Etonnante fierté. Était-ce une pécheresse que le remords inclinait? Le moine lui-même ne s’en pouvait convaincre. Oubliant la rigueur des lois divines, dont il était le représentant, il goûtait la noblesse de cette âme altière, jusque dans les écarts qu’il aurait dû réprouver.
Gaétane de Ferneuse poursuivait:
—«Lorsque je compris que j’allais être mère, je révélai tout à mon mari, et j’attendis son arrêt. Il ne me tua pas. Notre séparation fut résolue. Déjà l’on prévoyait le rétablissement du divorce, et je pouvais espérer...

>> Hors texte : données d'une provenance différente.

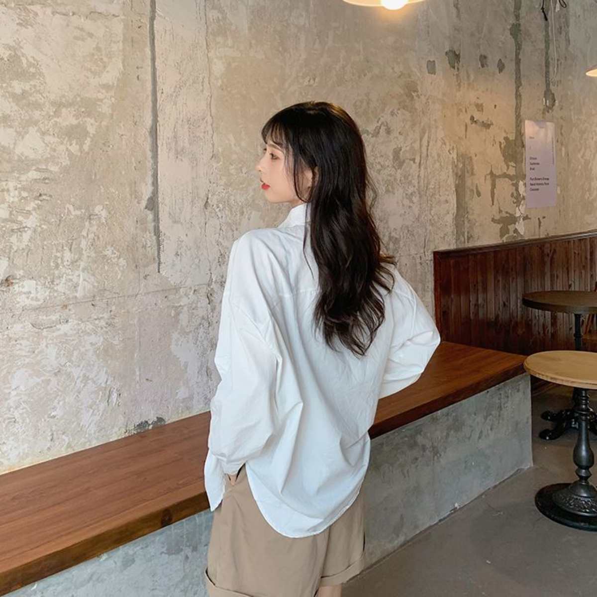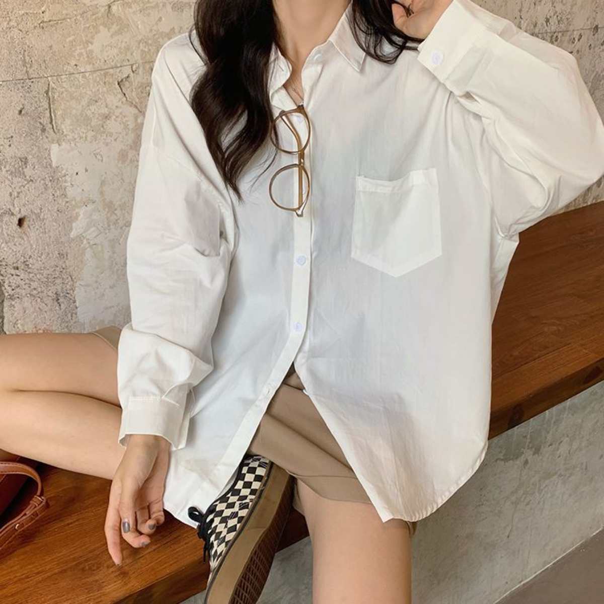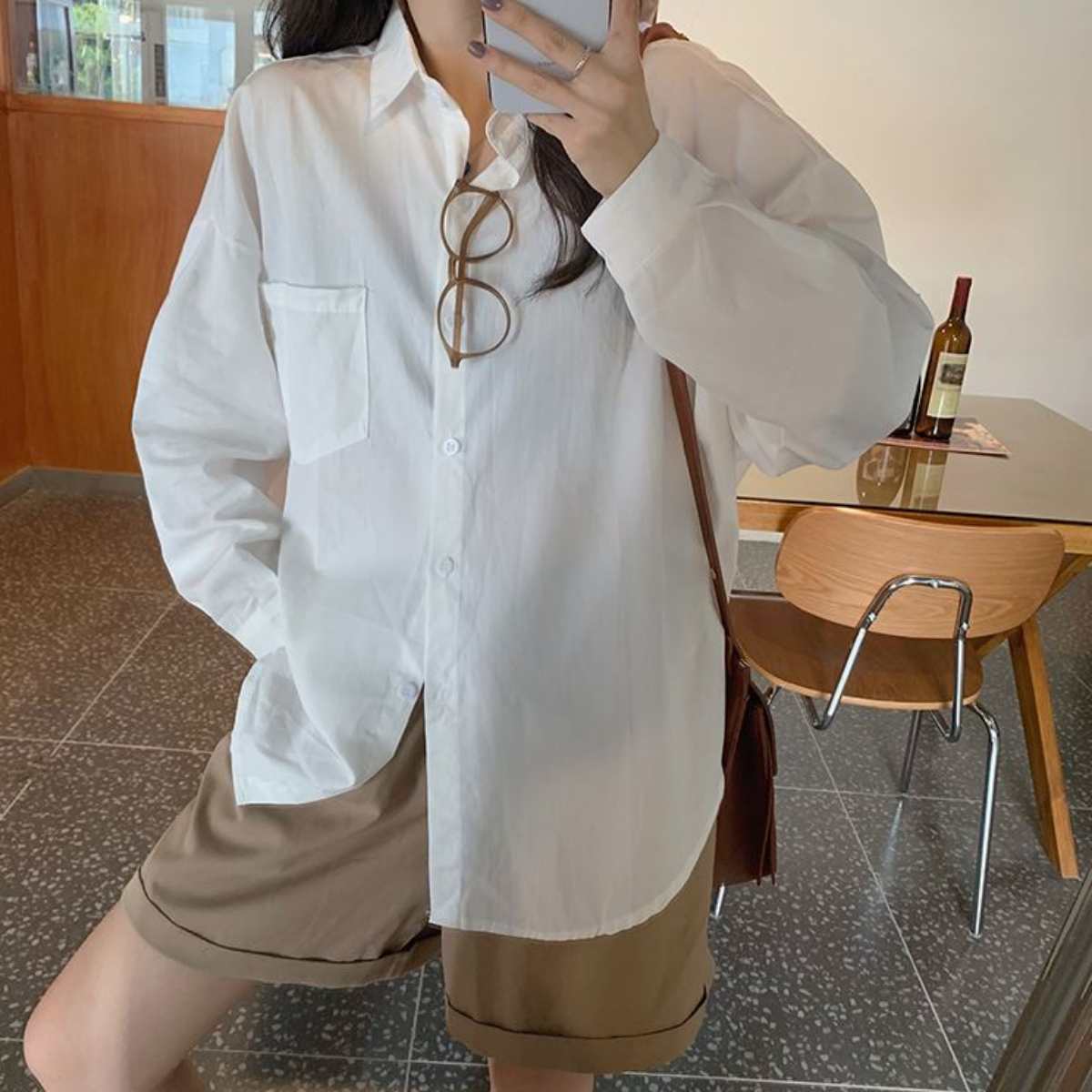 5色 カラー シャツ 長袖 シャツ ビッグシャツ レディース 長そで 無地シャツ ルーズシャツ 襟
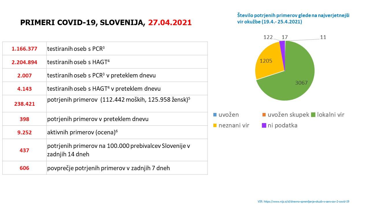 V Sloveniji smo sicer s PCR-testi testirali že več kot milijon oseb, s HAGT-testi pa že preko dva milijona. Število potrjenih primerov na 100.000 prebivalcev Slovenije v zadnjih 14 dneh znaša 437.
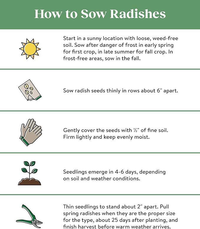 - Sow outdoors in early spring after the average last frost date and harvest in 22 days
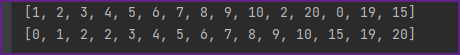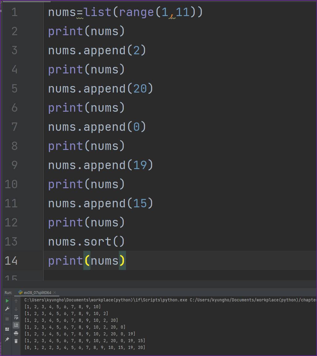 append()함수를 활용하여 순차적으로 뒤쪽으로 2,20,0,19,15를 추가하였습니다.
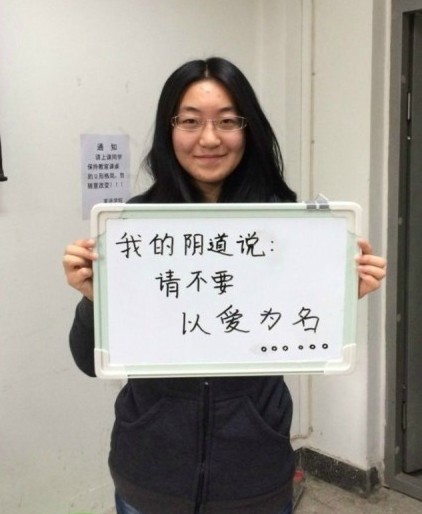 近日北京外国语大学一群女生为宣传话剧《阴道之道》,拍摄了17张举白板的系列照片,命名为“我的阴道说”,在网上引发巨大争议。女生们在白板上写的内容包括:“我的阴道说:我要尊重!”、“我的阴道说:她只听我的!”、“我的阴道说:非诚勿扰”,还有一句想必刺痛了很多人的神经,“我的阴道说:初夜是个屁!”。在接受媒体记者采访时北外英语学院书记表示,“开展关怀女生的活动是可以理解的,校团委审核通过,内容也应该是健康的。”
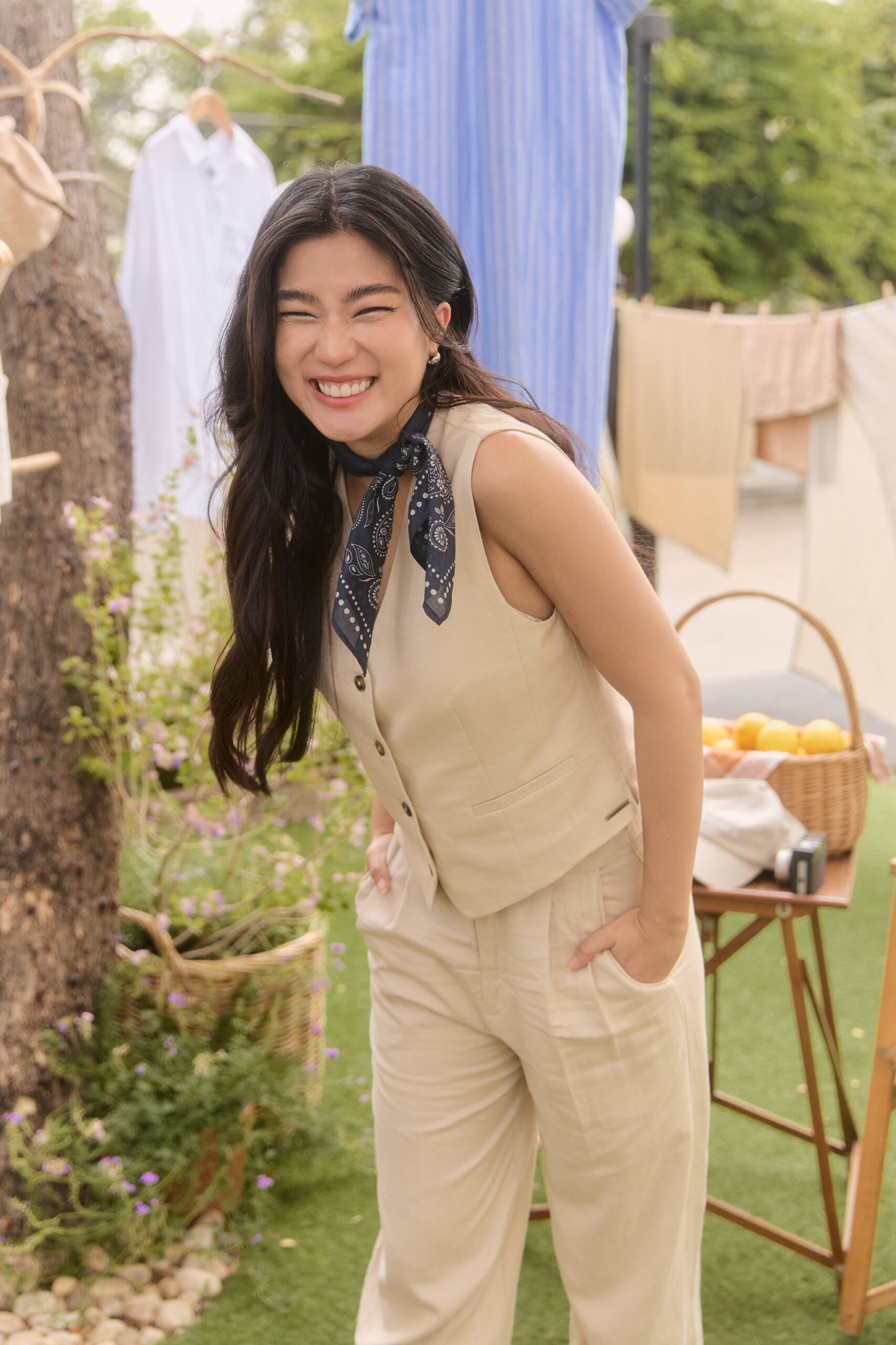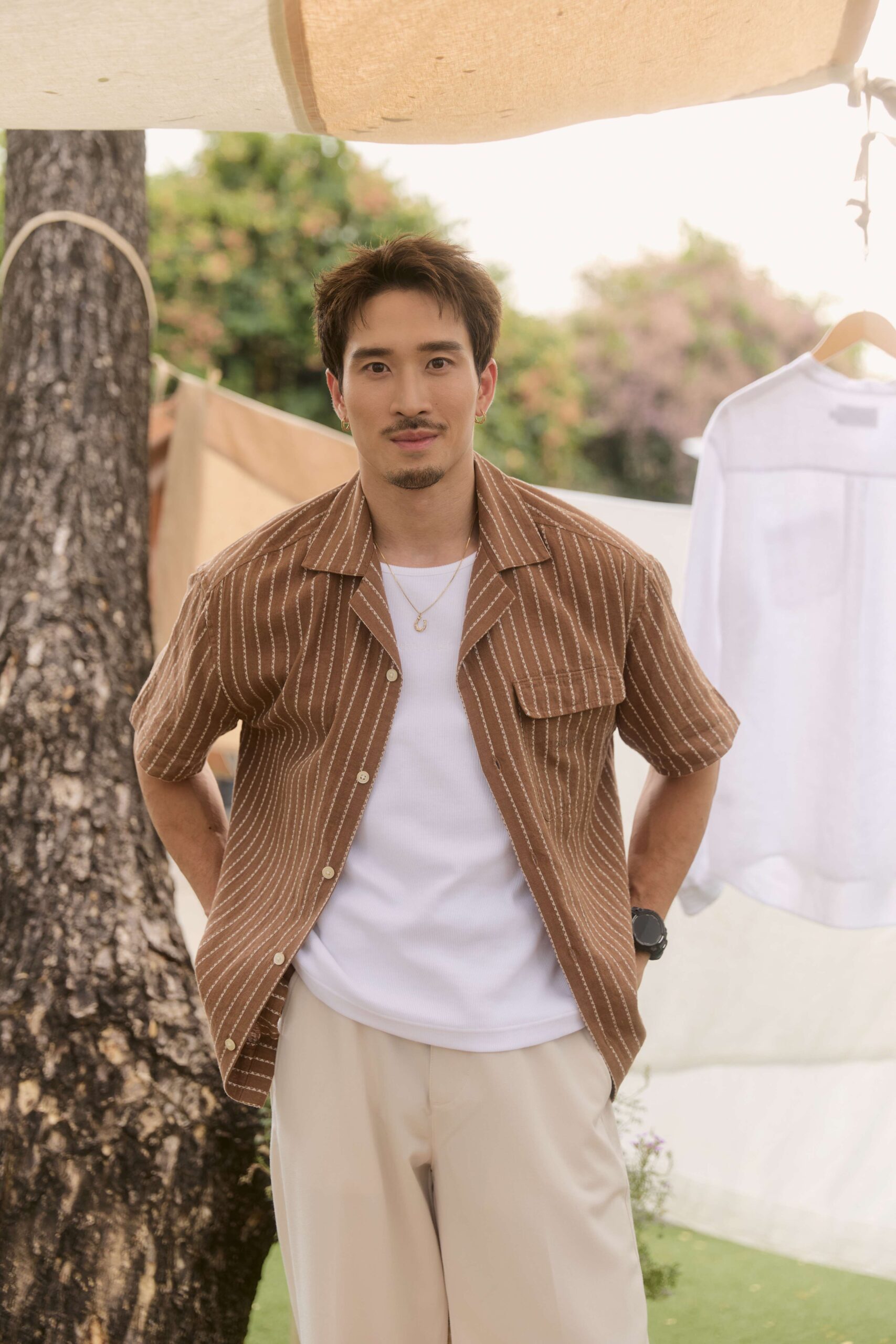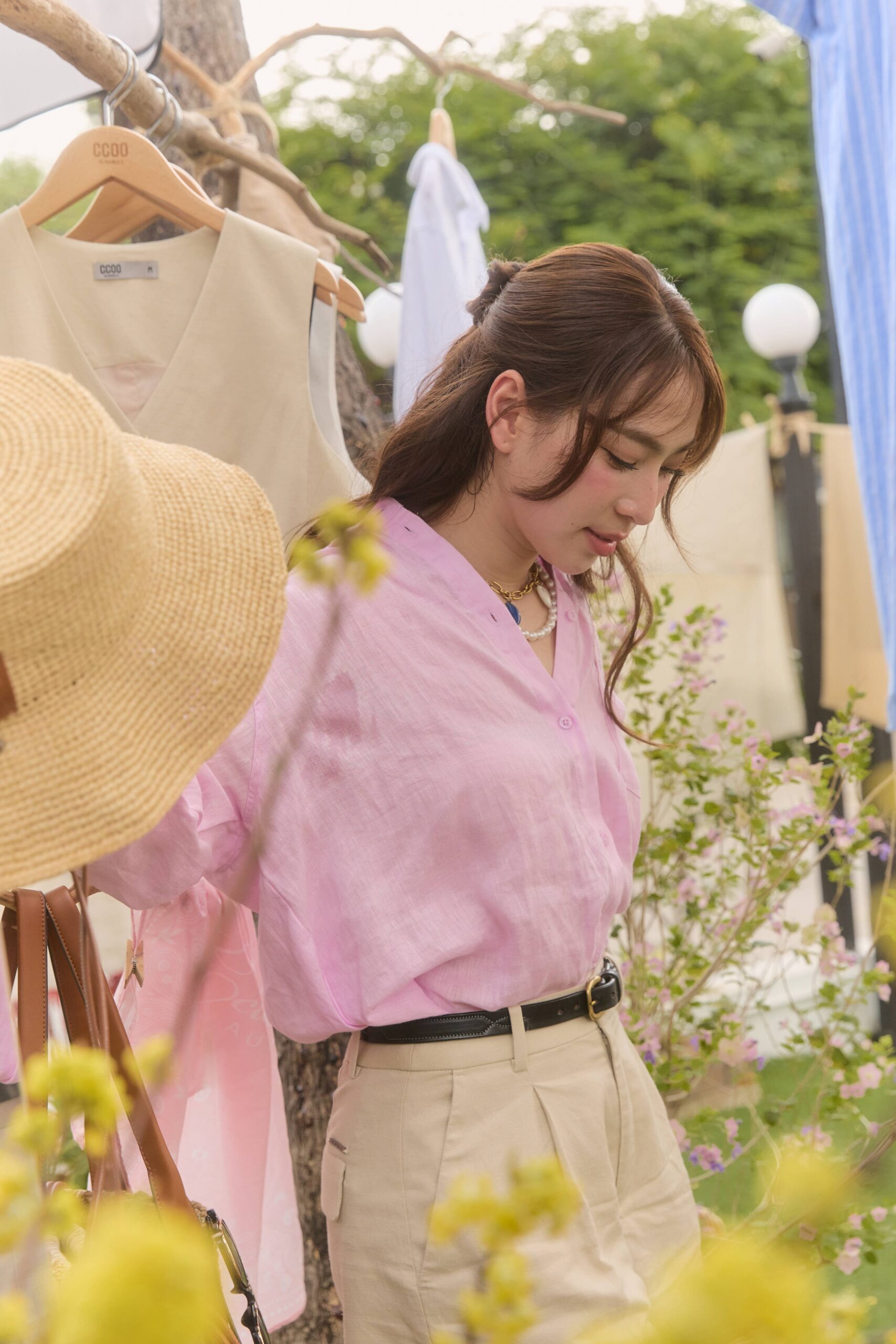 ภายในงานยังดื่มด่ำไปกับบรรยากาศเย็นสบาย และร่มเงาของแมกไม้ยามบ่าย ณ คาเฟ่ใจกลางเมือง ตกแต่งด้วยความมินิมอลของผ้าที่ถูกพาดแขวนผ่านต้นไม้ใหญ่ในธีมฤดูร้อน อบอวลไปด้วยเหล่าแฟชั่นอินฟลูเอนเซอร์ที่มาอวดโฉมโททัลลุคจาก CC DOUBLE O Premium LINEN Collection อาทิ หนุ่มหล่อมาดเข้มที่แฝงไปด้วยความทะเล้น เฟย – ภัทร เอกแสงกุล ที่มาในสไตล์ Effortless พร้อมด้วยแก็งค์เพื่อนสาวตัวแทนของผู้หญิงยุคใหม่ ก้อย – อรัชพร โภคินภากร สาวแกร่งที่เปี่ยมไปด้วยพลังความมั่นใจ นัตตี้ – นันทนัท ฐกัดกุล สาวอารมณ์ดี ที่พกความสนุกสนานมาพร้อมความสดใส และ ดรีม – อภิชญา พานิชตระกูล สาวหวานที่มีสไตล์เรียบง่ายแต่โดดเด่นด้วยเสน่ห์อันเป็นธรรมชาติ

—Le divorce!» protesta le moine.
—«La miséricorde céleste me soit clémente, mon Père, si je m’égarais en pensant que mon devoir et la vérité s’accordaient à ce moment avec mon bonheur, et m’enjoignaient de me rendre libre pour épouser le père de mon enfant. L’Église même, dans une situation pareille, m’eût prise en pitié. Sans doute eussé-je obtenu l’annulation de mon mariage en cour de Rome. Je croyais réparer plutôt qu’aggraver mes torts, en m’efforçant de sortir du mensonge, en donnant, à l’enfant qui allait naître, son véritable père. Cependant l’acte ne suivit pas ma résolution. Le jour même de mon aveu, mon mari, après une scène dont je ne vous dépeindrai pas les phases cruelles, quitta le château, dans son équipement de chasse. Quelques heures plus tard, on le rapportait sans connaissance, la face ensanglantée, l’os frontal fracassé par la balle de son fusil. «Accident,» dit-on. «Suicide,» murmurait en moi une voix que je ne parvenais point à étouffer. Stanislas de Ferneuse ne mourut point, mais il perdit les deux yeux. Quand il sortit du délire prolongé où l’avait jeté son affreuse blessure, mon mari avait oublié ma confession. Il acceptait sans révolte les raisonnements des médecins, lui représentant comme une consolation à sa cécité l’espoir de sa paternité prochaine. Fut-ce une feinte du malheureux, pour garder près de lui, dans sa nuit désormais éternelle, la femme pour qui son amour s’était éveillé dans les convulsions de la jalousie et le fils que la loi et les hommes lui attribuaient? Fut-ce une amnésie réelle, causée par la blessure? Jamais je ne le sus, mon Père... Jamais!